After several scrimmages, the squad played in its first tournament at the end of September. In mid-October, Ippokratis began its 18-game regular season against Aris with Rasheed netting a game-high 26 points on 9-for-11 shooting. Narrowly missing out on a double-double, she also hauled in nine rebounds. Not a bad debut for the team’s newest import.

“Being a former college athlete, I think I was ready for the level of play,” says Rasheed. “But the European game is a different brand of basketball and there was definitely a learning curve.”

One of Rasheed’s biggest challenges was the language barrier. Even with one of her coaches translating, she’d sometimes have trouble. Her teammates weren’t fluent in English and her point guard struggled the most. Often resorting to hand signals when the mix of broken English and broken Greek failed them, Rasheed found a way to make it work.

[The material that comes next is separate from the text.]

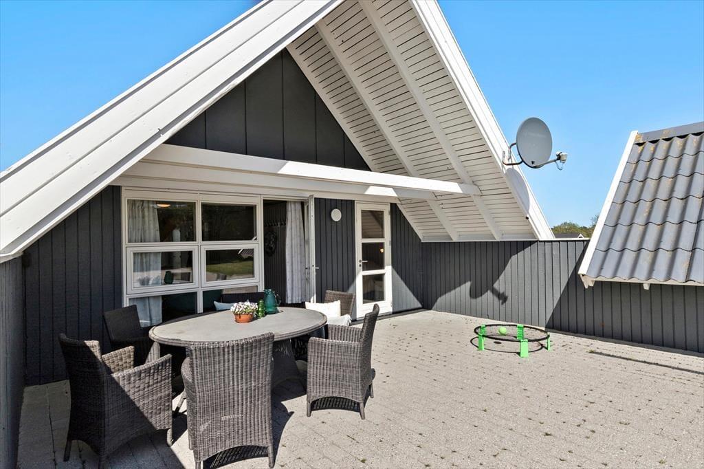 Nyd livet udenfor: En dejlig have med græsplæne, omkranset af en tæt hæk giver fine muligheder for at lege spark til dåsen, spille bold eller slå vejrmøller. De små gæster kan lege i sandkassen alt imens du slikker sol på den flisebelagte terrasse. Når dagen går på hæld og grillen er gået ud, kan I tænde op i bål stedet og samles på terrassen for at se solen synke ned over horisonten.

“It was very frustrating,” Rasheed says. “At Princeton, if you didn’t talk, you didn’t play. On the court we count on hearing each other so I was a little lost at first, but you get used to it. You find a way to communicate.”

What didn’t need any translation was Rasheed’s seemingly seamless transition to the Greek league’s top division. The numbers spoke for themselves. Averaging 37.7 minutes per game, she finished second in the league in scoring (20.2 ppg), fourth in rebounding (10.1) and first in steals (2.7). Shooting 53.6 percent (133-for-248) from the floor, she connected on 78.5 (102-for-130) of her free-throw attempts, scoring in double digits in all but one game, while turning in nine double-doubles.

Behind Rasheed’s play, Ippokratis posted an 11-7 regular season record, placing fourth in just its first season in the nation’s top division. Naturally, the awards poured in for its star. Named the league’s Player of the Year, Rasheed was also the Co-Defensive Player of the Year, Co-Rookie of the Year and Co-Import Player of the Year. An All-Greek League first-team selection, she also garnered praise on the All-Defensive and the All-Import team.

Welcoming Panathinaikos to Kos in mid-January, Rasheed and Ippokratis showed the league just how far they’d come. Playing in front of a packed crowd, the home team rallied from an eight-point first quarter deficit, snapping the defending champions’ five-game win streak with a hard-fought 60-55 upset victory that avenged its early season loss. Helping to spearhead an Ippokratis defense that held Panathiaikos to just six third quarter points, Rasheed finished with 14 points, nine rebounds and four steals.

“I hope it says something about me [as a player] to be able to help our team,” Rasheed says. “Playing in the first division for the first time, we went from being overlooked to becoming an established team. Beating last year’s Greek champion was one of my favorite [on court] memories. It was an awesome feeling and hopefully it reflects well on me and what I can do for a team.”

With the Greek season drawing to a close in April, Rasheed was back on campus for Reunion Weekend at the end of May. Suiting up against fellow Princetonians she participated in the team’s alumnae game before working a set of camps in June. Buoyed by a strong rookie showing, Rasheed hopes to parlay her initial success into more offers this upcoming year as she prepares to write the next chapter in an already decorated career.

“I definitely want to keep playing,” says Rasheed. “I have a good amount of offers right now, but its still pretty early. I have the option to go back to Greece which is great, so we’ll see.”